-
-
Notifications
You must be signed in to change notification settings - Fork 4.6k
Description
Description
The Vocab.length counter is incremented when adding lexemes but is never decremented when memory_zone clears transient lexemes. This causes len(nlp.vocab) to grow continuously even though the actual lexemes are properly removed from the internal hash map.
This makes len(nlp.vocab) unreliable for monitoring memory_zone effectiveness in production environments.
Reproduction
import spacy
# Load model
nlp = spacy.load("en_core_web_sm")
# Check initial vocab size
initial_vocab_size = len(nlp.vocab)
print(f"Initial vocab size: {initial_vocab_size}")
# Process text with memory_zone
texts = ["unique_word_" + str(i) for i in range(1000)]
for text in texts:
with nlp.memory_zone():
doc = nlp(text)
# Check final vocab size
final_vocab_size = len(nlp.vocab)
print(f"Final vocab size: {final_vocab_size}")

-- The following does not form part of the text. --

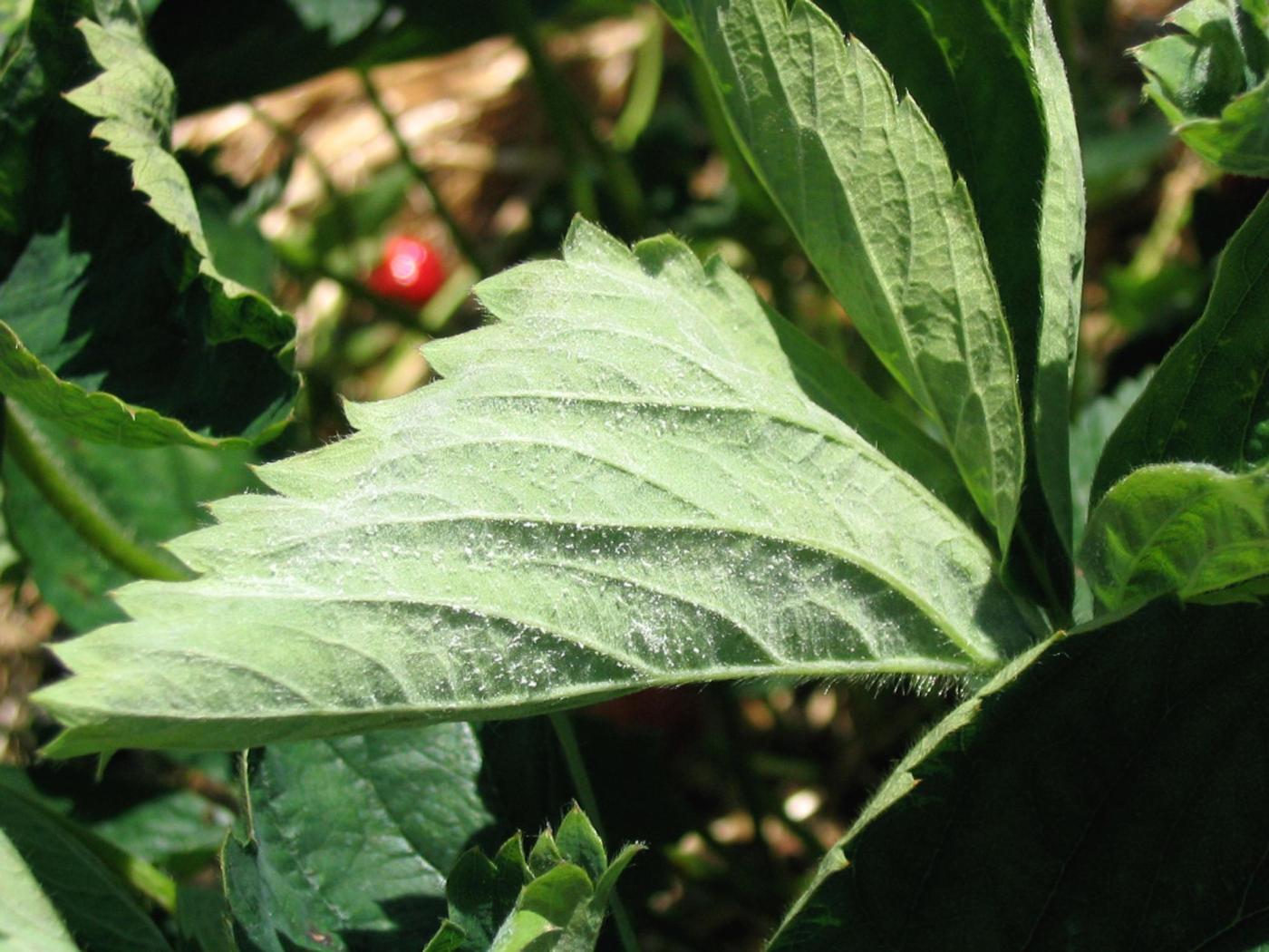 Description: À la face inférieure d’une foliole de fraisier (cv 'Chambly'), présence d’un fin duvet blanc de mycélium (voir flèche) et d’un enroulement de la foliole vers la face supérieure. Les observations effectuées à la loupe ont confirmé la présence du champignon Sphaerotheca macularis, responsable du blanc du fraisier.

print(f"Growth: {final_vocab_size - initial_vocab_size}")
# But iterate to see actual lexemes
actual_count = sum(1 for _ in nlp.vocab)
print(f"Actual lexeme count (via iteration): {actual_count}")Output:
Initial vocab size: 1,456
Final vocab size: 2,456
Growth: 1,000
Actual lexeme count (via iteration): 1,456
Expected Behavior
After exiting memory_zone, len(nlp.vocab) should decrease to reflect the removal of transient lexemes, matching the count from iteration.
Actual Behavior
len(nlp.vocab)continues to grow and never decreases- Iteration over
nlp.vocabcorrectly shows only permanent lexemes - Actual memory IS freed (confirmed via RSS measurements)
- Only the counter is incorrect
Root Cause
Looking at spacy/vocab.pyx:
When adding lexemes:
cdef int _add_lex_to_vocab(self, hash_t key, const LexemeC* lex, bint is_transient):
self._by_orth.set(lex.orth, <void*>lex)
self.length += 1 # Counter incremented
if is_transient and self.in_memory_zone:
self._transient_orths.push_back(lex.orth)When clearing transient lexemes:
def _clear_transient_orths(self):
"""Remove transient lexemes from the index"""
cdef hash_t orth
for orth in self._transient_orths:
map_clear(self._by_orth.c_map, orth) # Hash map cleared
self._transient_orths.clear()
# self.length is never decremented!When getting length:
def __len__(self):
return self.length # Returns the incorrect counterImpact
- Production Monitoring: Teams cannot reliably use
len(nlp.vocab)to monitor memory_zone effectiveness - Misleading Metrics: Counter suggests memory isn't being freed when it actually is
- Semantic Inconsistency:
len(vocab)doesn't match iteration count
Suggested Fix
Decrement self.length when clearing transient lexemes:
def _clear_transient_orths(self):
"""Remove transient lexemes from the index"""
cdef hash_t orth
cdef int num_cleared = 0
for orth in self._transient_orths:
if self._by_orth.get(orth) is not NULL:
map_clear(self._by_orth.c_map, orth)
num_cleared += 1
self._transient_orths.clear()
self.length -= num_cleared # Decrement counterVerification
I've tested this on production workloads with 1.9M records and confirmed:
- Memory IS being freed correctly (RSS measurements show ~9-10% reduction)
memory_zonefunctionality works as intended- Only the
lengthcounter is inaccurate
Environment
- spaCy version: 3.8.7 (issue likely present since memory_zone introduction in 3.8.0)
- Platform: Linux (Databricks)
- Python version: 3.9+
Additional Context
This was discovered while implementing memory_zone in a production NER pipeline processing millions of records. The discrepancy between len(vocab) and actual memory behavior initially caused confusion until source code analysis revealed the counter bug.
The underlying memory management works correctly - this is purely a counter bookkeeping issue that affects observability.